Terms not defined herein have the meanings ascribed to them in the 2024 Form 10-K.
Item 7.01Regulation FD Disclosure
On September 13, 2025, the California Legislature approved Senate Bill (“SB”) 254. SB 254 will be sent to the California Governor, who is expected to sign the legislation into law. The summary of SB 254 furnished as Exhibit 99.1 to this report is based on SCE's interpretation of the legislation.

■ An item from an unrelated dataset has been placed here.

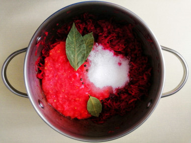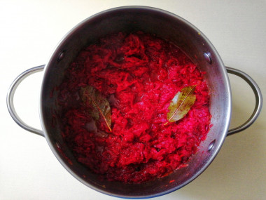 Свеклу и морковь натерла на крупной тёрке, лук нарезала кубиками. Тушила овощи с растительным маслом и одной третью уксуса, пока не выделился сок. Добавив воды, тушила еще 15 минут. После этого положила перемолотые в блендере помидоры, сахар, соль, лавровый лист, перец горошком. Оставила на медленном огне на полчаса, в конце (за пять минут до конца тушения) добавила оставшийся уксус.

Members of Edison International management will use the information in the presentation furnished as Exhibit 99.1 regarding the legislation referenced above in meetings with institutional investors and analysts and at investor conferences. The attached presentation will also be posted on www.edisoninvestor.com.
Item 8.01Other Events
On September 11, 2025, SCE entered into an agreement (the "Subrogation Settlement") with an insurance claimant in the 2025 Eaton Fire litigation (the “Subrogation Claimant”). Under the Subrogation Settlement, SCE agreed to pay the Subrogation Claimant $0.52 for each dollar in claims paid or to be paid by the Subrogation Claimant to its policy holders, up to an agreed upon cap. The Subrogation Claimant had paid its policy holders an aggregate of approximately $500 million as of July 31, 2025. No admission of wrongdoing or liability was made in reaching the Subrogation Settlement, and the Subrogation Claimant agreed to release SCE and Edison International from all claims and potential claims related to or arising from the Eaton Fire.
SCE has advised the administrator of the Wildfire Insurance Fund that SCE believes the Eaton Fire is a “covered wildfire” for purposes of accessing the fund and that it anticipates that future resolution of eligible claims arising from the Eaton Fire will require seeking reimbursement from the fund.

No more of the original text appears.